Conservation and Wildlife Research includes our work to save the endangered Channel Island foxes from extinction, in an effort that brings together highly-trained specialists from the Nature Conservancy, the National Park Service, and UC Davis School of Veterinary Medicine. Our focus is on understanding the cause of systemic amyloidosis, a disease that occurs in massive numbers of foxes at levels unprecedented in humans or other animals. With your help, we will continue to work towards preventing this deadly disease in the Island fox. All support for this program will go directly for the benefit of wildlife.

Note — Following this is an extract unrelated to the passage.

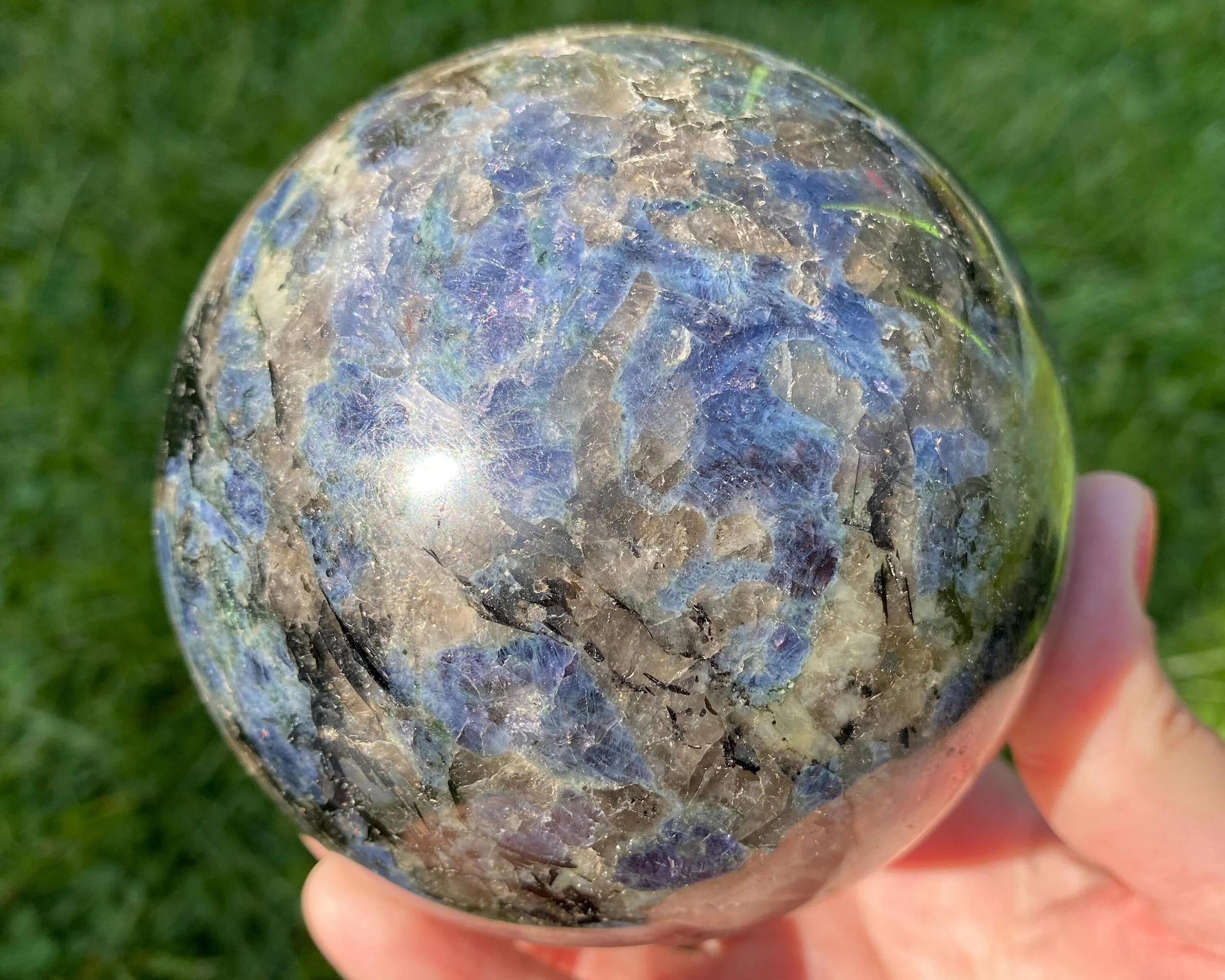 This is a lovely sphere of natural Iolite, a blue Cordierite known for its lovely color. It also has some Quartz and Smoky Quartz and may even have other minerals included inside it. The color is fantastic.

Inflammatory Bowel Diseases, or IBD, are affecting an increasing number of people and almost 1% of all Americans are affected. The reasons for the increase in disease occurrence are not known but may include changes in diet or infections that trigger disease in genetically susceptible people. At UCSD, we have several internationally known investigators working in areas ranging from clinical research to models of inflammation, including spontaneous disease that occurs in some animal species. Support for this research program will go towards the training of young investigators as they explore the cause, prevention and treatments for IBD.
Students and Trainees, some of whom are your children, will become the future leaders responsible for conservation and improved care of the different animal species that are encountered every day in veterinary medicine. Some of them will become the faculty and professors in schools of veterinary medicine throughout the country who innovate and teach the practices that will be used in the coming years.
While we have outstanding cooperative opportunities here at UCSD and with our colleagues at the UC Davis School of Veterinary Medicine, our ability to train is limited by funding. Your backing will support their salaries, tuition and training opportunities as they prepare themselves for the multiple opportunities in the future of veterinary medicine. Support is needed for high school students seeking a summer research experience; undergraduates or Masters and PhD graduate students wanting to work in these laboratories; or post-graduate training positions.